Plot annotated cell types on UMAP and composition heatmap.

In [ ]:
# Plot annotated cell types on UMAP
fig, axes = plt.subplots(1, 2, figsize=(16, 6))

sc.pl.umap(
    adata,
    color='celltype',
    legend_loc='right margin',
    title='Cell type annotations',
    ax=axes[0],
    show=False
)

sc.pl.umap(
    adata,
    color='leiden',
    legend_loc='on data',
    title='Clusters',
    ax=axes[1],
    show=False
)

plt.tight_layout()
plt.savefig(PLOTS_DIR / 'celltype_umap.png', dpi=300, bbox_inches='tight')
plt.show()

print(f"✓ Saved: {PLOTS_DIR}/celltype_umap.png")

In [ ]:
# Create composition heatmap showing cell type distribution per cluster
composition = pd.crosstab(
    adata.obs['leiden'],
    adata.obs['celltype'],
    normalize='index'  # Normalize by cluster (rows sum to 1)
)

plt.figure(figsize=(12, 8))
sns.heatmap(
    composition,
    annot=True,
    fmt='.2f',
    cmap='YlOrRd',
    cbar_kws={'label': 'Proportion of cells'}
)
plt.title('Cell type composition per cluster')
plt.xlabel('Cell type')
plt.ylabel('Cluster')
plt.tight_layout()
plt.savefig(PLOTS_DIR / 'composition_heatmap.png', dpi=300, bbox_inches='tight')
plt.show()

print(f"✓ Saved: {PLOTS_DIR}/composition_heatmap.png")
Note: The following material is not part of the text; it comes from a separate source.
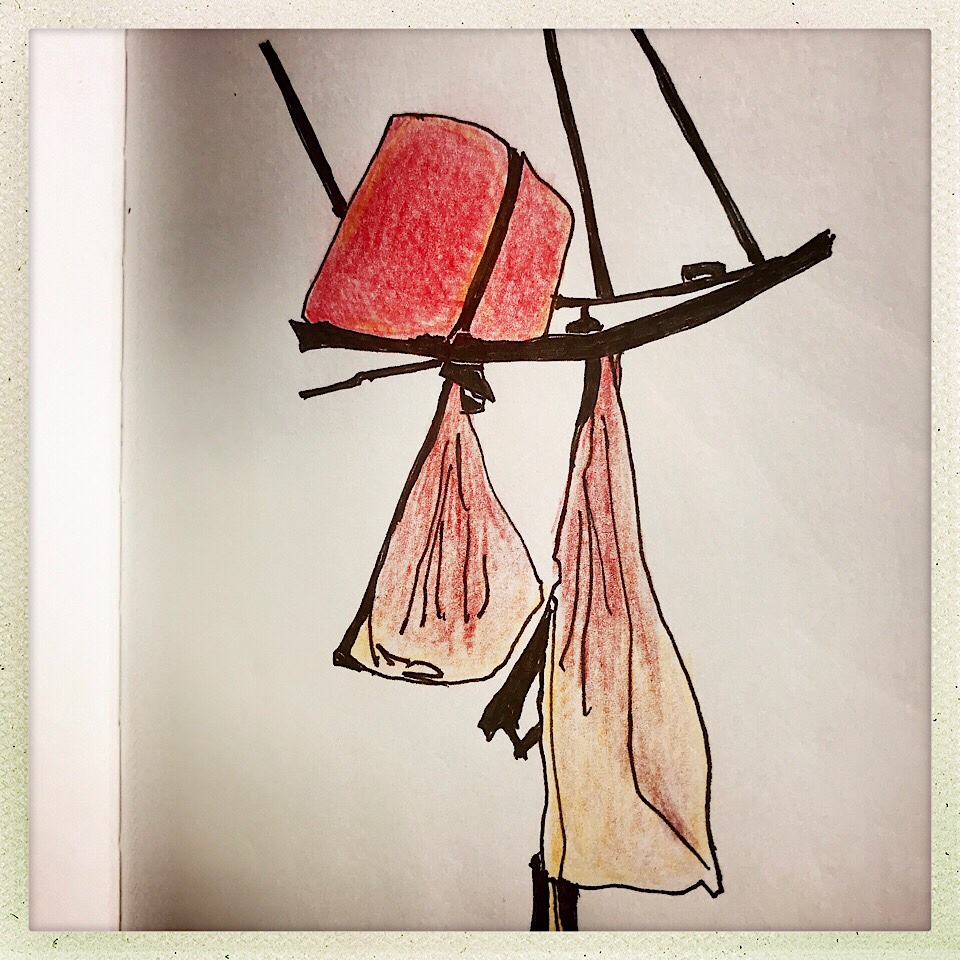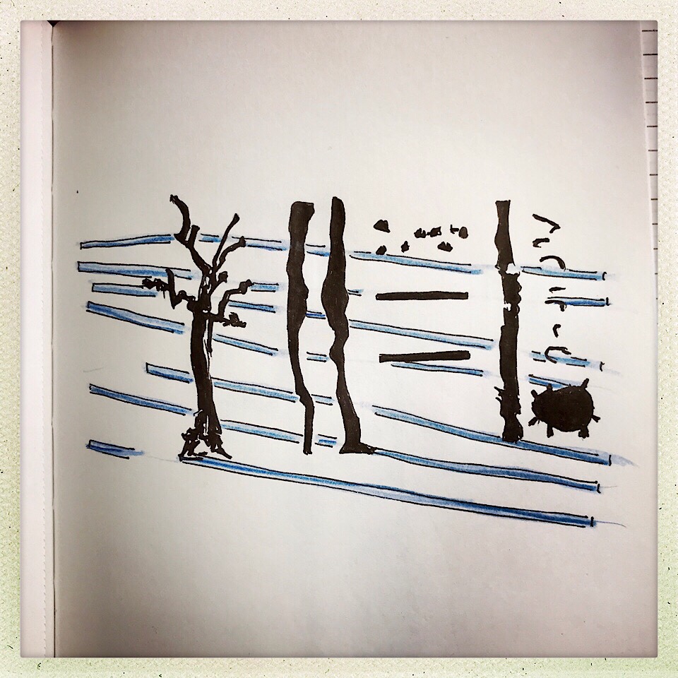 Zeichnungen sind auch entstanden. Juergen hat am Moselufer die Erinnerungen von gestern gedanklich herausgeholt und zu fassen versucht: Räume, Projekte, Magie und so was alles.

# Identify dominant cell type per cluster
dominant = composition.idxmax(axis=1)
dominant_prop = composition.max(axis=1)

print("\nDominant cell type per cluster:")
for cluster, (celltype, prop) in enumerate(zip(dominant, dominant_prop)):
    print(f"  Cluster {cluster}: {celltype} ({prop*100:.1f}%)")

In [ ]:
# Plot cell type distribution across samples
celltype_by_sample = pd.crosstab(
    adata.obs['orig.ident'],
    adata.obs['celltype']
)

fig, ax = plt.subplots(figsize=(14, 6))
celltype_by_sample.plot(kind='bar', stacked=True, ax=ax)
plt.title('Cell type distribution across samples')
plt.xlabel('Sample')
plt.ylabel('Number of cells')
plt.xticks(rotation=45, ha='right')
plt.legend(bbox_to_anchor=(1.05, 1), loc='upper left', title='Cell type')
plt.tight_layout()
plt.savefig(PLOTS_DIR / 'celltype_distribution.png', dpi=300, bbox_inches='tight')
plt.show()

print(f"✓ Saved: {PLOTS_DIR}/celltype_distribution.png")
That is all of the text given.